Até o dia 15 de dezembro, a CTR do Agreste recebe resíduos de Arapiraca e dos municípios do entorno sem custo

ASSESSORIA

A região Agreste começou uma nova fase quanto ao descarte correto de resíduos sólidos, com o início da operação da Central de Tratamento de Resíduos- CTR do Agreste desde a última terça-feira, paralelamente à interdição do lixão de Arapiraca efetuada pelo IMA e o Batalhão de Policiamento Ambiental – PBA.

Até o dia 15 de dezembro, como medida compensatória em relação a eventuais transtornos por conta da interdição, de acordo com Keylle Lima, diretor executivo do Grupo Alagoas Ambiental – empresa responsável pela instalação das únicas duas CTRs em Alagoas – , a Central do Agreste está recebendo, de forma não onerosa, todo e qualquer resíduo  de Arapiraca e de outros municípios do entorno, como: Limoeiro, Igaci e Taquarana, além dos transportadores que  levam resíduo comercial. Mas  a partir do dia 16 de dezembro, a CTR só receberá resíduos através da contratação por licitação, no caso das prefeituras.

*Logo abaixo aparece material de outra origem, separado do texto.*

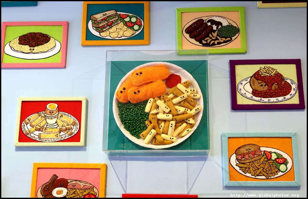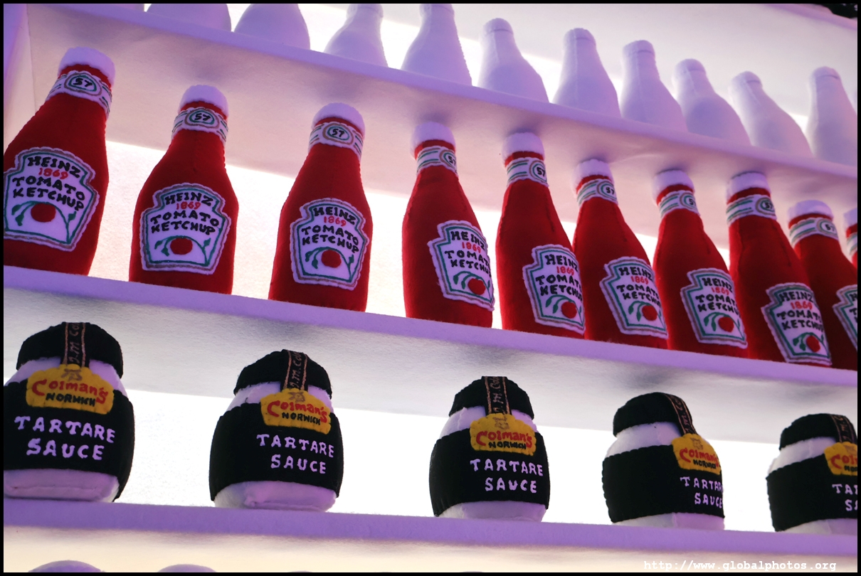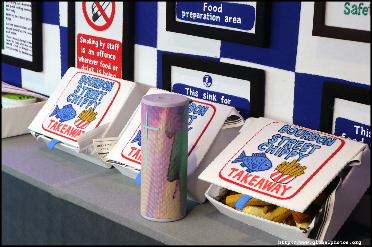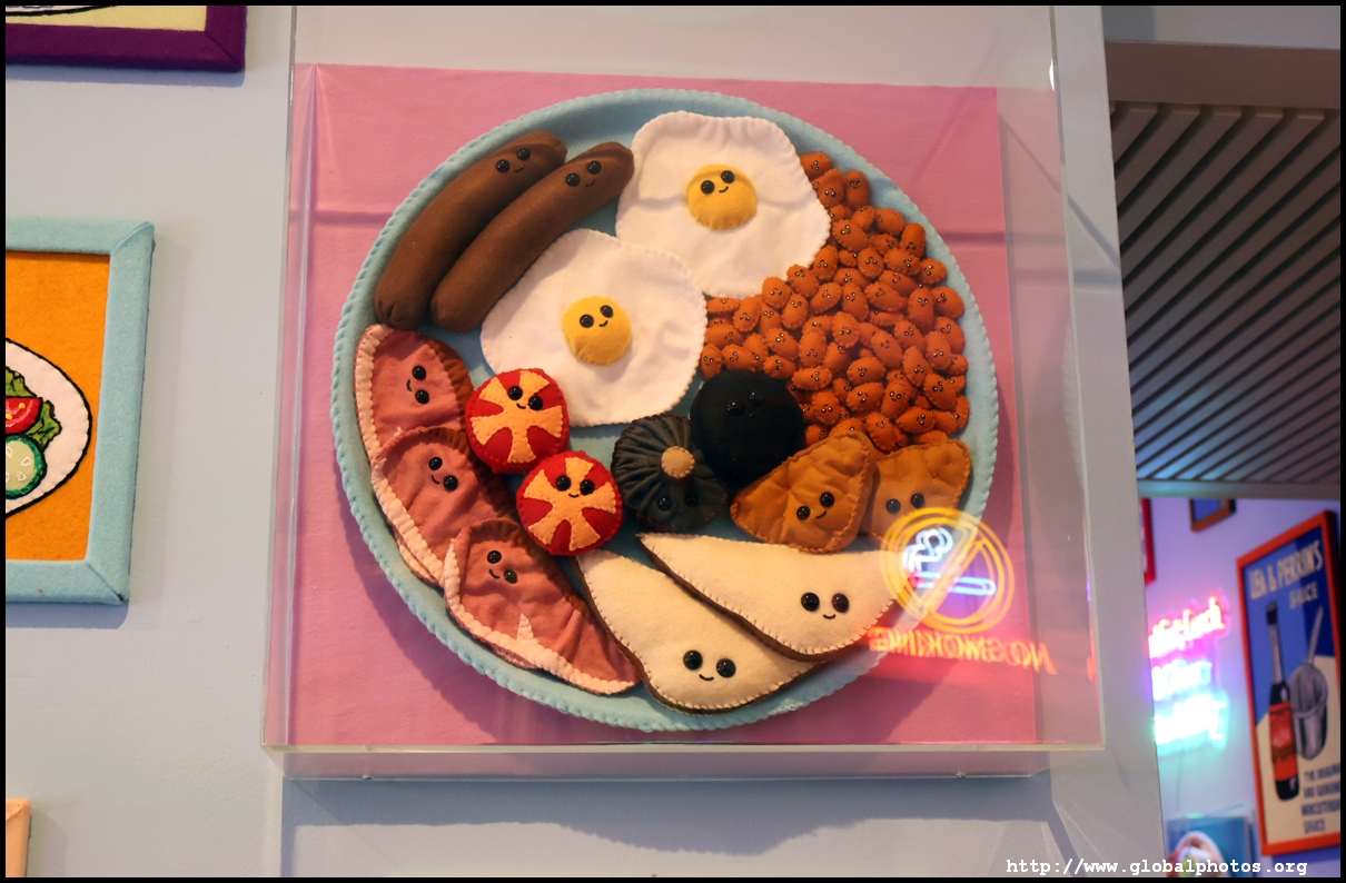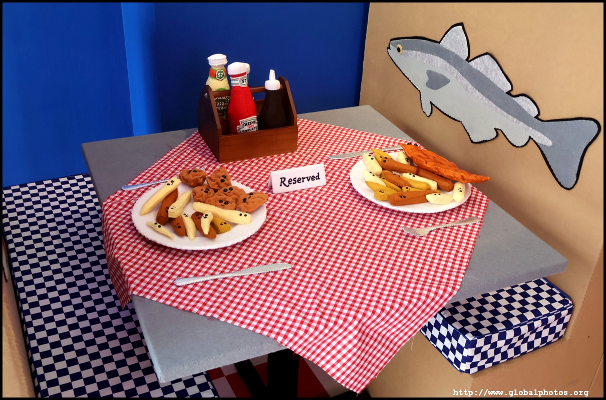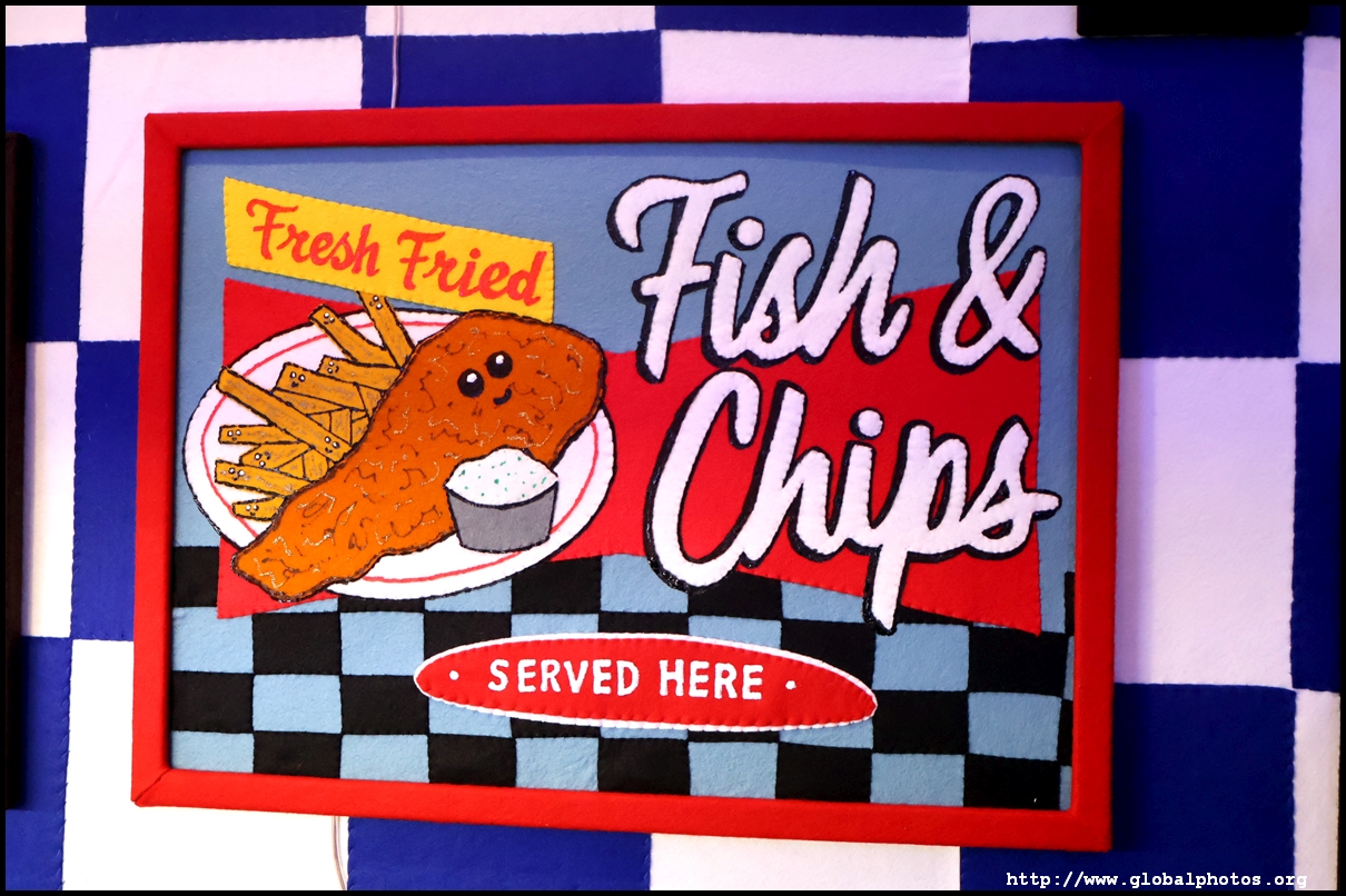 Bourdon Street Chippy (September 2025)Tucked on a side street in upscale Mayfair behind from the luxury brands is a fish and chips shop. Open for only 6 weeks, all of its decor are artworks made from fabric, which you can purchase to bring home. British artist Lucy Sparrow unveiled this exhibition in August with over 65,000 hand-crafted felt pieces on display, ranging from art on the walls, food on the table, to the soft drinks in the vending machine. There are 15 chip shapes and each item is made in great detail. Lucy has struggled with anorexia since her teenage years. Art became her outlet and motivation to recover. You enter into the shop's seating area, with plates of fish and chips and their friends on the tables. Too bad we couldn't sit in the booths to try them all!

Esta é a segunda CTR implantada no estado, com investimento inicial de R$ 14 milhões, atenderá 30 municípios e receberá mais de 1.000 toneladas por dia. O local possui 81 hectares e fica localizado entre os municípios de Craíbas e Arapiraca. A expectativa para o primeiro mês de atividade é receber 5.700 toneladas.

MUDANÇA DE 

CENÁRIO

Com a chegada da  CTR, a região começa a viver um novo cenário ambiental, exterminando a contaminação do solo, através do chorume. Na primeira fase, ela vai receber resíduos domiciliares e comerciais (Classe II); entulhos de construção civil (inerte); material resultante da podação de árvores, dentre outros, além da lagoa de chorume.  Os resíduos produzidos pelos estabelecimentos que atuam na área de saúde, como postos e hospitais (Classe I) vão continuar por enquanto sendo encaminhados para a CTR Metropolitana, no município de Pilar.

REALIDADE

A realidade em Alagoas quanto ao descarte correto não é animadora. Apenas Maceió apresenta um aterro sanitário condizente à Política Nacional de Resíduos Sólidos, que determina a adequação quanto a extinção dos lixões de todos os municípios brasileiros até o próximo ano. No entanto, apenas as CTRs estão 100% licenciadas pelo IMA, ou seja, o aterro da capital alagoana com a licença municipal só pode receber resíduos desse município, diferente das CTRs.

Segundo o diretor-executivo, a sugestão para os municípios que não podem destinar resíduos para as CTRs é implantar estações de transbordo, já que o investimento é menor e a concentração desses resíduos são levados para as CTRs mais próximas.

O lixão é fonte potencial de vetores de várias doenças, provoca vulnerabilidade social, além de causar impacto visual negativo da região. Segundo Keylle Lima, o objetivo do Grupo Alagoas Ambiental, a exemplo do que acontece hoje na CTR Metropolitana, que há um ano funciona no município de Pilar, é contribuir para a preservação do meio ambiente e garantir melhor qualidade de vida para a população das regiões atendidas.